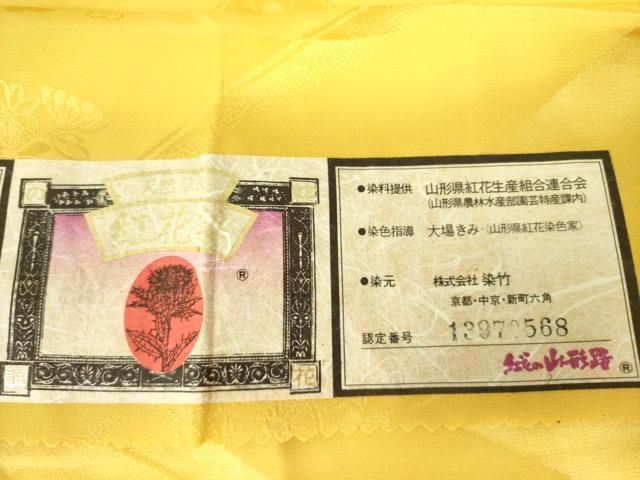 平和屋着物 振袖用長襦袢 無双仕立て 紅花染 源氏車花地紋 支子色 証紙付き 正絹 DAAX1382op WWW_GLOBALQUALITYIMPORTS_COM
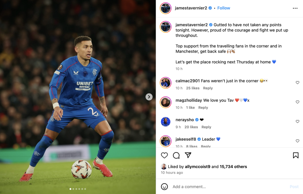Tavernier took to Instagram after the defeat to address the fans, saying: “Gutted to have not taken any points tonight. However, proud of the courage and fight we put up throughout.
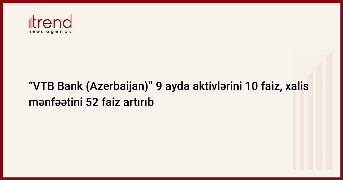 "VTB Bank (Azerbaijan)” ASC 2021-ci ilin yanvar-sentyabr aylarında aktivlərini 10% - 206 milyon 151,89 min manata qədər artırıb. Bu barədə bankın hesabatında qeyd olunur.
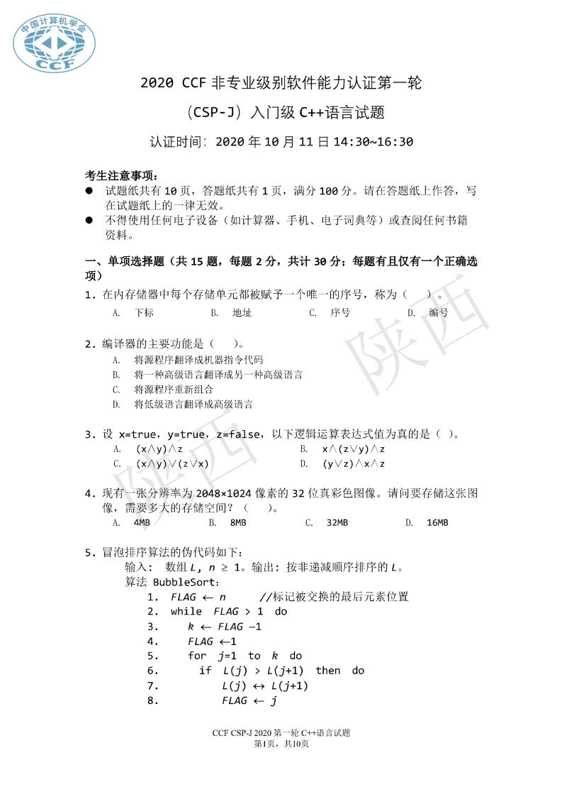 CSP2020普及组初赛真题,仅提供网盘下载,如介意,请不要下载。
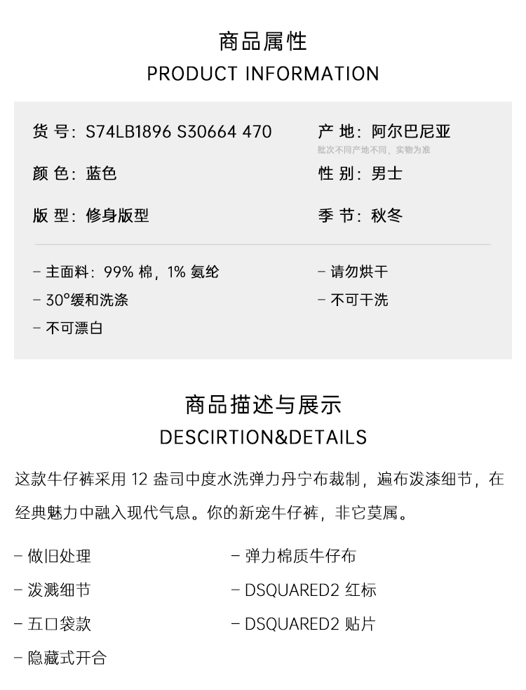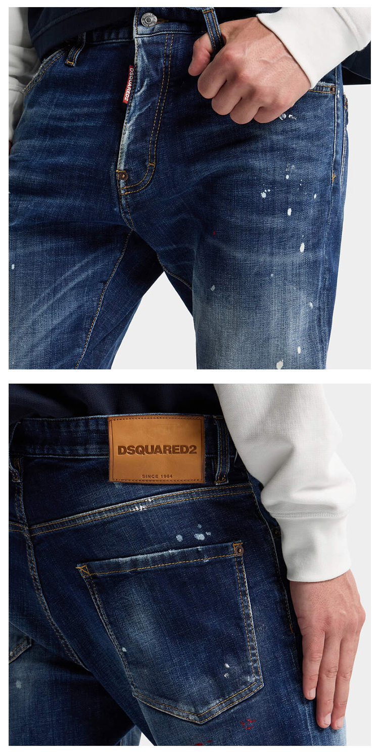 DSQUARED2 男士字母徽标贴片水洗Teddy牛仔裤 蓝色 S74LB1896 S30664 470
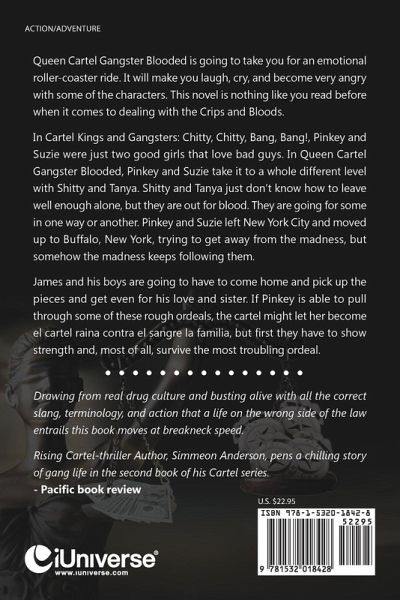 Queen Cartel Gangster Blooded is going to take you for an emotional roller-coaster ride. It will make you laugh, cry, and become very angry with some of the characters. This novel is nothing like you read before when it comes to dealing with the Crips and Bloods. In Cartel Kings and Gangsters: Chitty, Chitty, Bang, Bang!, Pinkey and Suzie were just two good girls that love bad guys. In Queen Cartel Gangster Blooded, Pinkey and Suzie take it to a whole different level with Shitty and Tanya. Shitty and Tanya just don?t know how to leave well enough alone, but they are out for blood. They are going for some in one way or another. Pinkey and Suzie left New York City and moved up to Buffalo, New York, trying to get away from the madness, but somehow the madness keeps following them. James and his boys are going to have to come home and pick up the pieces and get even for his love and sister. If Pinkey is able to pull through some of these rough ordeals, the cartel might let her become el cartel raina contra el sangre la familia, but first they have to show strength and, most of all, survive the most troubling ordeal.
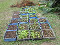 9月中旬にまいたキンセンカの種が、移植したビニポットの中で大きく育ちました。40ケースほどあるでしょうか。花壇では初夏に定植したセンニチコウとヒャクニチソウが、終わりを告げました。この記録は、平成15年11月に行った花壇の作業です。もちろん私だけでなく、生徒や先生方も手伝ってくれました。1は移植前の育苗箱です。これをビニポットに移します。
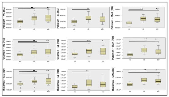 | PUTAMEN—SMA Mean (SD) | 0.00070 (0.00003) | 0.00076 (0.00004) | 0.00076 (0.00005) | <0.0001 | 24.71 | HS-BSP p < 0.0001 |

WORK REQUEST
Set down the material exactly as given, but print none of the pictures.

TASK RESULT
 平和屋着物 振袖用長襦袢 無双仕立て 紅花染 源氏車花地紋 支子色 証紙付き 正絹 DAAX1382op WWW_GLOBALQUALITYIMPORTS_COM
Tavernier took to Instagram after the defeat to address the fans, saying: “Gutted to have not taken any points tonight. However, proud of the courage and fight we put up throughout.
 "VTB Bank (Azerbaijan)” ASC 2021-ci ilin yanvar-sentyabr aylarında aktivlərini 10% - 206 milyon 151,89 min manata qədər artırıb. Bu barədə bankın hesabatında qeyd olunur.
 CSP2020普及组初赛真题,仅提供网盘下载,如介意,请不要下载。
 DSQUARED2 男士字母徽标贴片水洗Teddy牛仔裤 蓝色 S74LB1896 S30664 470
 Queen Cartel Gangster Blooded is going to take you for an emotional roller-coaster ride. It will make you laugh, cry, and become very angry with some of the characters. This novel is nothing like you read before when it comes to dealing with the Crips and Bloods. In Cartel Kings and Gangsters: Chitty, Chitty, Bang, Bang!, Pinkey and Suzie were just two good girls that love bad guys. In Queen Cartel Gangster Blooded, Pinkey and Suzie take it to a whole different level with Shitty and Tanya. Shitty and Tanya just don?t know how to leave well enough alone, but they are out for blood. They are going for some in one way or another. Pinkey and Suzie left New York City and moved up to Buffalo, New York, trying to get away from the madness, but somehow the madness keeps following them. James and his boys are going to have to come home and pick up the pieces and get even for his love and sister. If Pinkey is able to pull through some of these rough ordeals, the cartel might let her become el cartel raina contra el sangre la familia, but first they have to show strength and, most of all, survive the most troubling ordeal.
 9月中旬にまいたキンセンカの種が、移植したビニポットの中で大きく育ちました。40ケースほどあるでしょうか。花壇では初夏に定植したセンニチコウとヒャクニチソウが、終わりを告げました。この記録は、平成15年11月に行った花壇の作業です。もちろん私だけでなく、生徒や先生方も手伝ってくれました。1は移植前の育苗箱です。これをビニポットに移します。
 | PUTAMEN—SMA Mean (SD) | 0.00070 (0.00003) | 0.00076 (0.00004) | 0.00076 (0.00005) | <0.0001 | 24.71 | HS-BSP p < 0.0001 |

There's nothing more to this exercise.